[ovs-dev] [PATCH net] gso: do GSO for local skb with size bigger than MTU

Fri Jan 9 05:42:56 UTC 2015

于 2015年01月09日 03:55, Jesse Gross 写道:
> On Thu, Jan 8, 2015 at 1:39 AM, Fan Du <fengyuleidian0615 at gmail.com> wrote:
>> 于 2015年01月08日 04:52, Jesse Gross 写道:
>>>>
>>>> My understanding is:
>>>>> controller sets the forwarding rules into kernel datapath, any flow not
>>>>> matching
>>>>> with the rules are threw to controller by upcall. Once the rule decision
>>>>> is
>>>>> made
>>>>> by controller, then, this flow packet is pushed down to datapath to be
>>>>> forwarded
>>>>> again according to the new rule.
>>>>>
>>>>> So I'm not sure whether pushing the over-MTU-sized packet or pushing the
>>>>> forged ICMP
>>>>> without encapsulation to controller is required by current ovs
>>>>> implementation. By doing
>>>>> so, such over-MTU-sized packet is treated as a event for the controller
>>>>> to
>>>>> be take
>>>>> care of.
>>>
>>> If flows are implementing routing (again, they are doing things like
>>> decrementing the TTL) then it is necessary for them to also handle
>>> this situation using some potentially new primitives (like a size
>>> check). Otherwise you end up with issues like the ones that I
>>> mentioned above like needing to forge addresses because you don't know
>>> what the correct ones are.
>>
>>
>> Thanks for explaining, Jesse!
>>
>> btw, I don't get it about "to forge addresses", building ICMP message
>> with Guest packet doesn't require to forge address when not encapsulating
>> ICMP message with outer headers.
>
> Your patch has things like this (for the inner IP header):
>
> +                               new_ip->saddr = orig_ip->daddr;
> +                               new_ip->daddr = orig_ip->saddr;
>
> These addresses are owned by the endpoints, not the host generating
> generating the ICMP message, so I would consider that to be forging
> addresses.
>
>> If the flows aren't doing things to
>>>
>>> implement routing, then you really have a flat L2 network and you
>>> shouldn't be doing this type of behavior at all as I described in the
>>> original plan.
>>
>>
>> For flows implementing routing scenario:
>> First of all, over-MTU-sized packet could only be detected once the flow
>> as been consulted(each port could implement a 'check' hook to do this),
>> and just before send to the actual port.
>>
>> Then pushing the over-MTU-sized packet back to controller, it's the
>> controller
>> who will will decide whether to build ICMP message, or whatever routing
>> behaviour
>> it may take. And sent it back with the port information. This ICMP message
>> will
>> travel back to Guest.
>>
>> Why does the flow has to use primitive like a "check size"? "check size"
>> will only take effect after do_output. I'm not very clear with this
>> approach.
>
> Checking the size obviously needs to be an action that would take
> place before outputting in order for it to have any effect. Attaching
> a check to a port does not fit in very well with the other primitives
> of OVS, so I think an action is the obvious place to put it.

If flow is defined as:

	CHECK_SIZE -> OUTPUT

Then traversing actions at CHECK_SIZE needs to find the exactly OUTPUT port,
thus get its underlay encapsulation method as well as valid route for physical
NIC MTU, with those information can calculation whether GSOed packets
exceeds physical MTU. This is feasible anyway at the first look. After this,
it's the controller responsibility to handle such event.

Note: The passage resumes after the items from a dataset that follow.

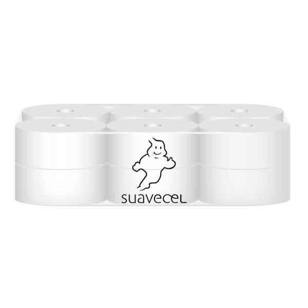 Papel higiénico industrial rolo jumbo Suavecel com 180 metros e folha dupla. Embalagem de 12 rolos ao melhor preço.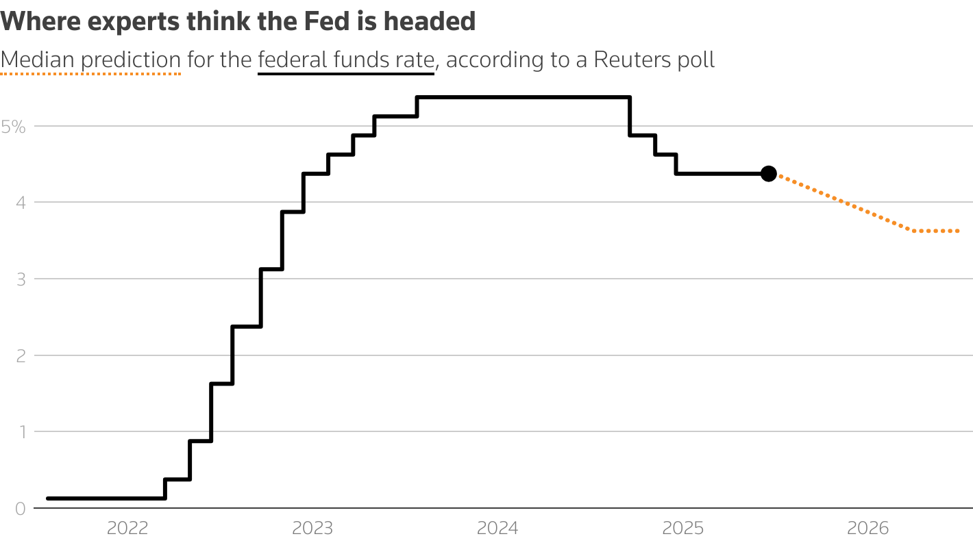 線形圖顯示聯邦基金利率目標中值及路透調查預測中位數。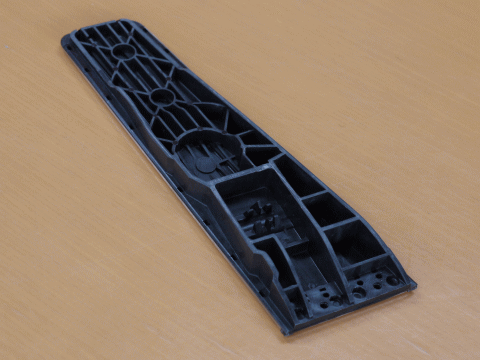 裏側は複雑なリブ構造で凸凹になっているため、上を低くし下に行くほど高くなるように加工した。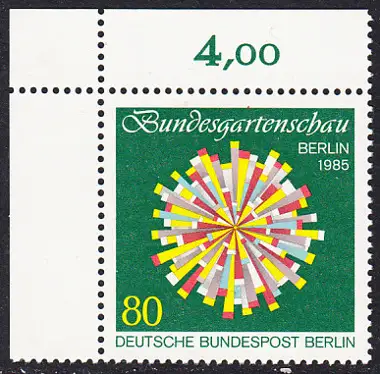 BERLIN 1985 Michel-Nummer 734 postfrisch EINZELMARKE ECKRAND oben links - Bundesgartenschau, Berlin
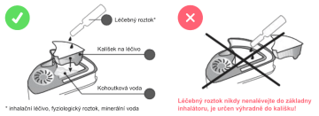 inhalační léčivo, fyziologický roztok nebo minerální vodu přidejte do kalíšku po vyznačenou rysku (max. kapacita 8 ml),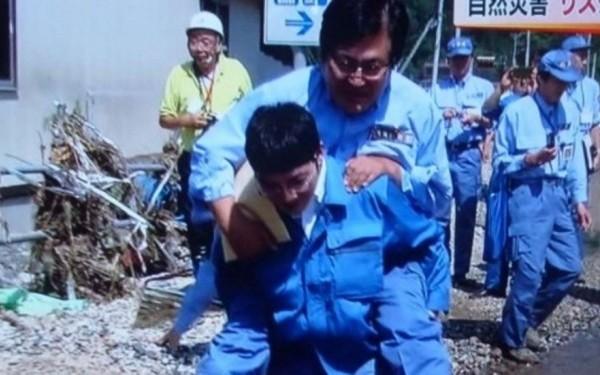 La 1 septembrie, Shunsuke Mutai, ministru adjunct pentru reconstrucţii, a vizitat oraşul Iwaizumi, unde au murit nouă persoane în vârstă dintr-un centru de îngrijire. Dar pentru că a uitat să-şi ia cizme, un funcţionar al guvernului l-a cărat în spate pentru a evita bălţile. Criticile nu au întârziat să apară, după ce imaginile au fost transmise de un post de televiziune.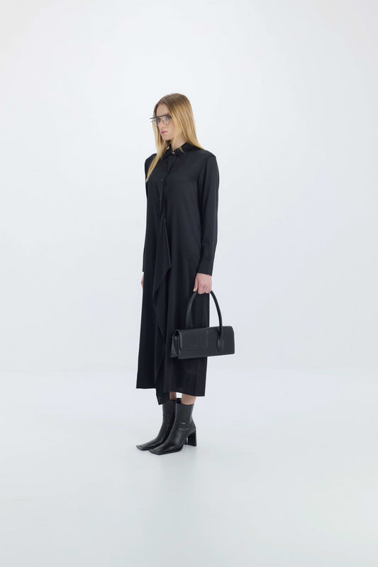 Low in StockDRAPED SATIN SILK SHIRT DRESS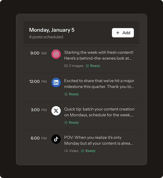 Posta supports Twitter/X, Instagram (Personal & Business), Facebook Pages, and LinkedIn (Personal & Company). We're adding TikTok, Pinterest, and more soon.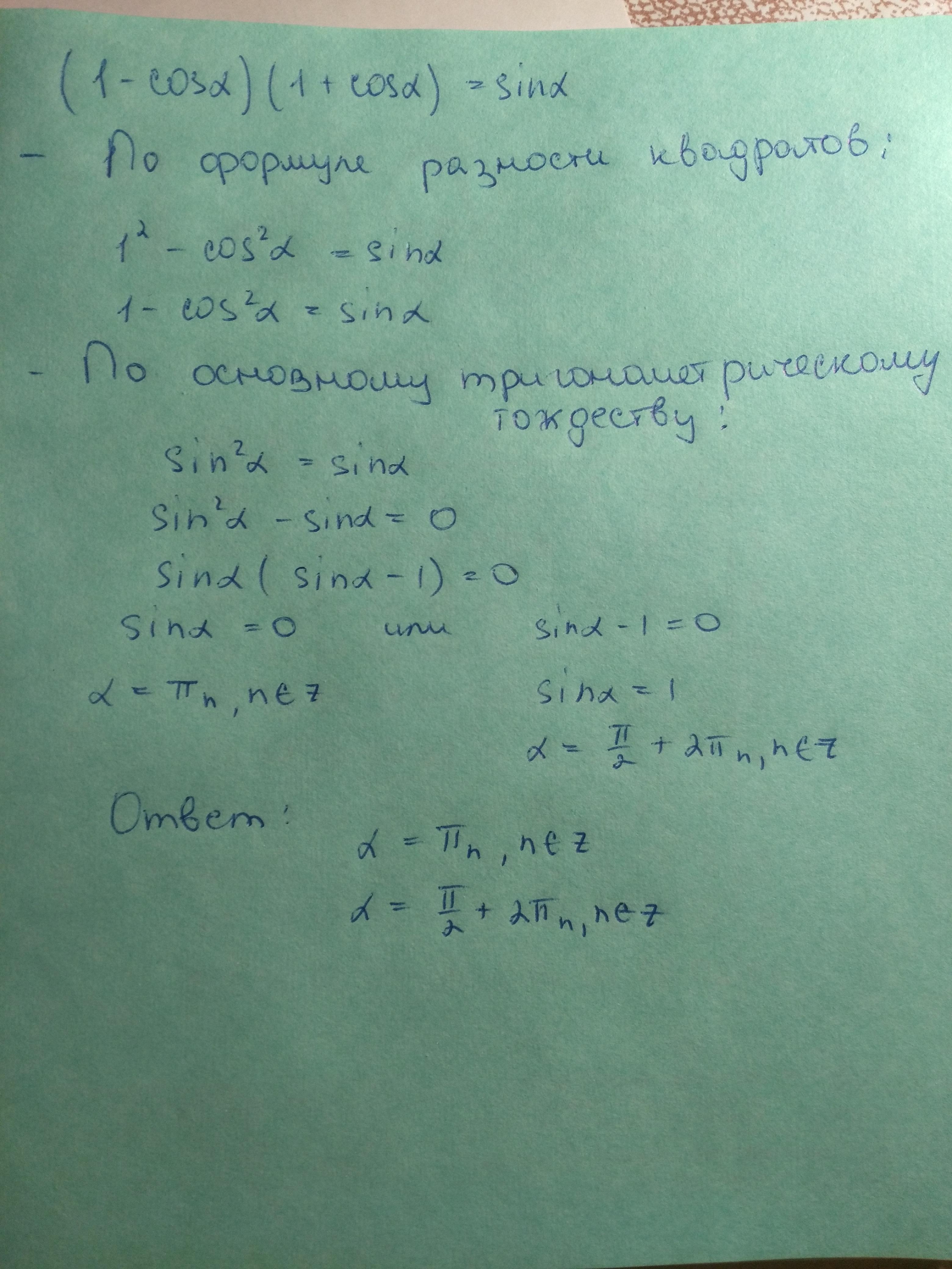 (1-cos альфа) (1+cos альфа)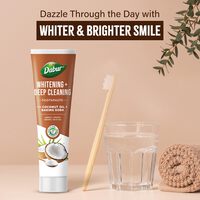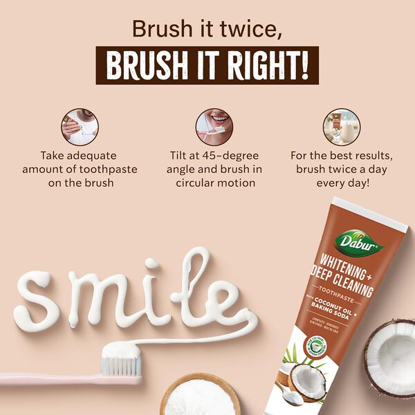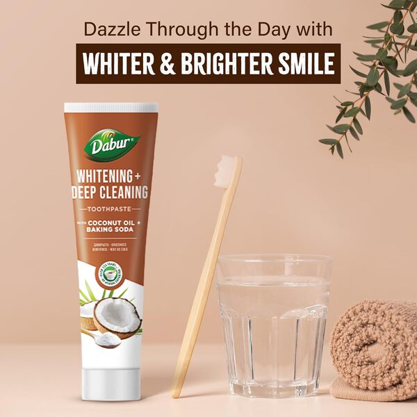 Achieve a radiant smile with Dabur Whitening Deep Cleansing Coconut Oil & Baking Soda Toothpaste. Made with 100% organic coconut oil and natural baking soda, this fluoride-free formula offers the perfect balance between whitening and deep cleaning. It gently removes plaque, stains, and odor-causing bacteria while nourishing tooth enamel and promoting overall oral health. Safe, natural, and effective, it’s your go-to choice for fresher breath and whiter teeth.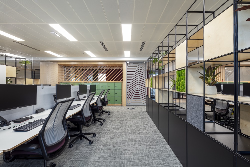 Combining the needs of an agile workspace at Arthritis Research UK, a variety of zones and biophilia, white HotLocker banks were integrated with Palisades Grid and used throughout the office to create zones for collaboration, relaxation and social gathering.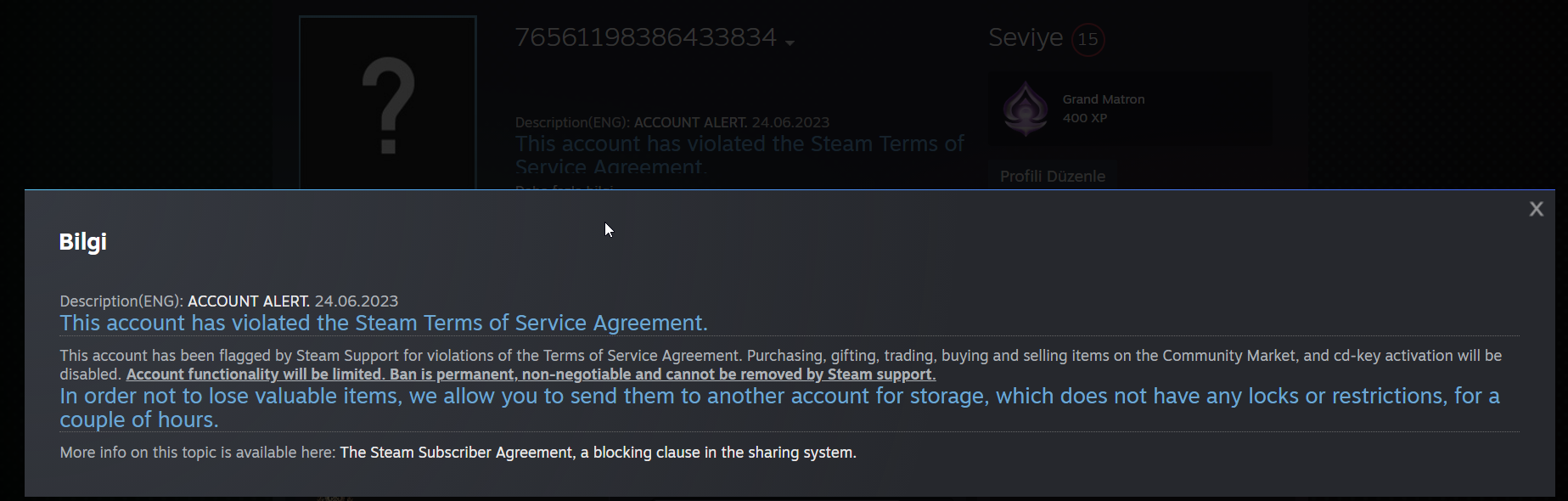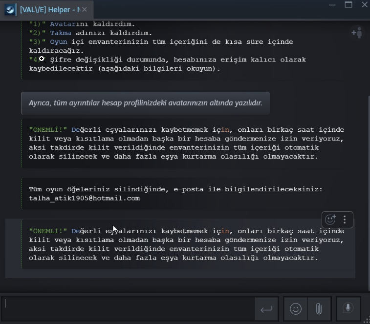 mesajlardan gördüğünüz üzere eşyaları başka bir hesaba göndermem için beni tetikliyordu. Oysa hesapta bir sıkıntı olsa eşyaları almam için bana süre vermez hesabı direk kapatırlar. Bu telaşla steam api key i kontrol etmeden skinlerimi göndermeye çalışsaydım direk gidecekti skinlerim. Aynı zamanda bu süre zarfında steam adım ve açıklaması değişti.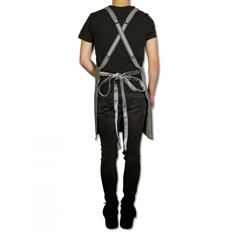 Il s'ajuste parfaitement à votre corpulence grâce aux bretelles croisées, réglables dans le dos. Rangez vos accessoires et vos effets personnels dans la grande poche latérale du tablier.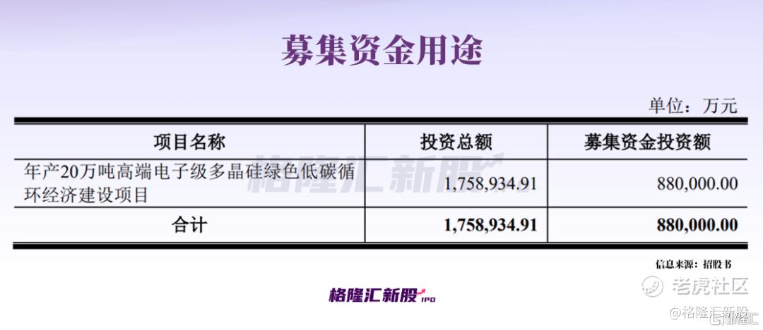 本次冲刺A股,公司拟募资88亿元,用于投资年产20万吨高端电子级多晶硅绿色低碳循环经济建设项目。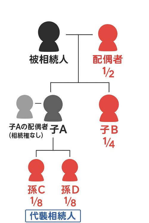 • 子Aの代わりに、孫C・孫Dがそれぞれ1/8ずつ相続する。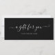 Simple and elegant script black and white gift certificate. This elegant script Gift certificate fits perfectly within a standard #10 business envelope. Perfect for your brand and business.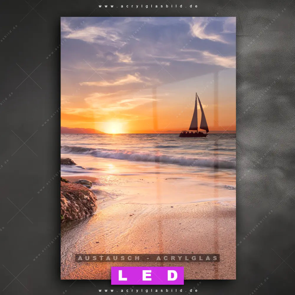 Begriffe wie Wasser, Ozean, Küste, Horizont, Sommer, Sonnenaufgang, Sonnenuntergang, Urlaub, Reisen, Boot, Segelboot, Felsen, Strand haben dich auf der Suche nach deinem neuen Austausch-Acrylglasbild inspiriert? Dann sollte das Wechsel-Acrylglasbild Romantische Meeresstimmung mit Seegelboot für dein bereits vorhandenes LED Acrylglasbild Canvalight® DIA den Weg zu dir finden.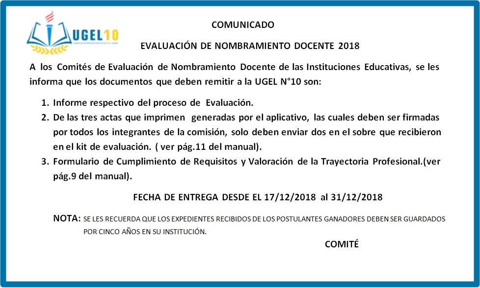 10 Dic,2018 Comunicados COMMENTS Comunicado para los Comités de Evaluación de Nombramiento Docente 2018.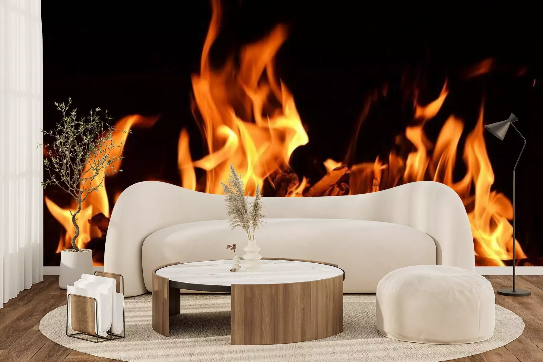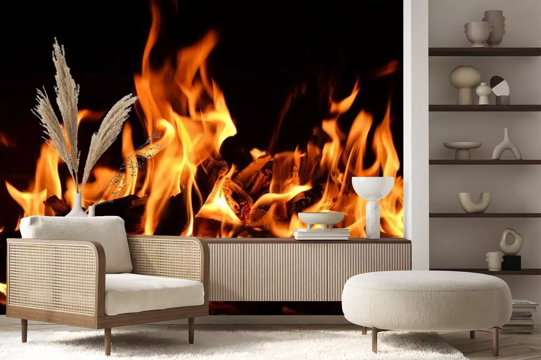 Papier peint  Bois dans des flammes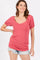 Magenta Short Puff Sleeve V-Neck Top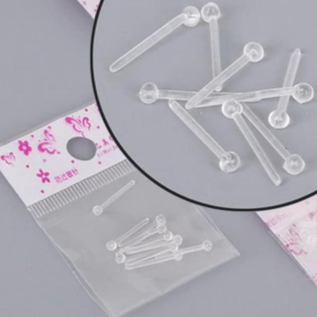 透明のアクリル製なので金属アレルギーでも安心。ポストが真っ直ぐのスタッドピアスタイプなので、装着も簡単。ファーストピアスやセカンドピアス、学校や職場でのシークレットピアスにも使えます。キャッチのピアスは耳タブだけでなく、軟骨ヘリックスやトラガスのピアスにも最適。ピアスホールを休めるためにも使えるプラスチック製ピアス。

If the CHECK_SIZE returns positive(over-MTU-sized packets show up), then call
output_userspace to push this packet upper wards.

I'm not sure this vague idea is the expected behaviour as required by "L3 processing".

>> And not all scenario involving flow with routing behaviour, just set up a
>> vxlan tunnel, and attach KVM guest or Docker onto it for playing or
>> developing.
>> This wouldn't necessarily require user to set additional specific flows to
>> make
>> over-MTU-sized packet pass through the tunnel correctly. In such scenario, I
>> think the original patch in this thread to fragment tunnel packet is still
>> needed
>> OR workout a generic component to build ICMP for all type tunnel in L2
>> level.
>> Both of those will act as a backup plan as there is no such specific flow as
>> default.
>
> In these cases, we should find a way to adjust the MTU, preferably
> automatically using virtio.
>

-- 
No zuo no die but I have to try.